Monday, December 14, 2015

Light in the Darkness

Today marks a celebration of St. John of the Cross, author of The Dark Night of the Soul.

The last week and a half has been filled with darkness. In fact, it's fair to say the December 2 San Bernardino shooting has consumed my life since it happened.

Many of you know that my office is a half mile from the site of the shooting. Both the Inland Regional Center and Public Health are close partners. I know many Public Health employees and have referred many families to the IRC. Our building was on lockdown, and there were thoughts during the lockdown that county facilities and behavioral health sites were being targeted. The shooters' home is a few blocks from our church. Several people I work closely with lost family and friends. My department is on the front lines of crisis response, and I'm currently managing a large team working with survivors.

While the news overall has been dying down, our work has not slowed. Recovery and healing for our community will continue for weeks, months, years. And in the midst of it, the remaining press has engaged in some disgusting behavior, lying to intrude into people's personal pain and coping.

And yet the light shines.

While there have been responses of fear turned to hate, there have been far more responses of fear turned to love.

People of all walks of life have banded together to build each other up.

Dozens, if not hundreds, of county staff have volunteered to step up and do extra work to help, including 24/7 support, like those amazing people on my team.

Supportive texts, calls, Facebook posts, etc. keep us moving forward and feeling supported.

And don't forget the prayers.

Then there's parts of regular, daily life that shows me God is present and caring for me.

Our healthcare provider gave us a beautiful specialty blanket with our newborn's name embroidered on it. What healthcare provider does that?!

Our primary car (the only one that will fit the carseats) had a leak, so I took it into our shop. It was a problem that we fixed two years ago, but was now out of warranty and was going to cost around $3500 (can't afford this and was close to the cost of the car). A half hour later, the manager called me and said he pulled some strings and got it covered under warranty. No cost. And because I dropped the car off and rode my bike to work, but it was now dark and raining, the manager sent one of his employees to pick me up. I never even considered not riding to the shop. He thought of it and offered.

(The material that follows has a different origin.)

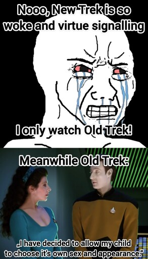 Good social commentary doesnt get labeled as woke because its not hitting people over the head to make a point. Next Generation is filled with that type of quality social commentary. I dont know about new trek, but id imagine people get upset at the “wokeness” because it features the same type of garbage social commentary shoehorning that has become prevalent in a lot of media. Quality writing that makes points on social commentary in a more subversive and plot-centered way has long since become an artifact of the past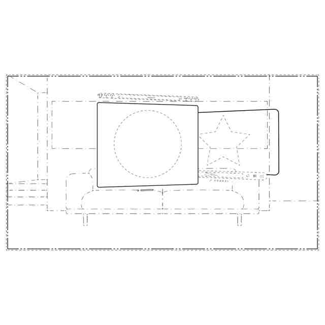 二点鎖線は、意匠登録を受けようとする部分とその他の部分との境界のみを示す線であり、実線で表された部分が、意匠登録を受けようとする部分である。背景コンテンツ部を示す参考画像図1及び背景コンテンツ部を示す参考画像図2において赤色で着色された部分は、例えば3次元仮想空間や3次元現実空間等を示す画像等がユーザーの視野内の背景コンテンツとして表示される部分である。参考画像図1及び参考画像図2において青色で着色された部分は、半透明であるかのように背後の背景コンテンツが透過して表れる。

My toddler is obsessed with trains. We got to have some "normal" time and built a train together at a Lowe's kids clinic. He hasn't stopped talking about how we hammered together and made "our train." He's carrying it everywhere. And then last night, he said, "You're a great friend. You're a great dad."

Yes, God is present here. There is light in the darkness, and it's even more meaningful because of the darkness and will eventually overpower the darkness completely.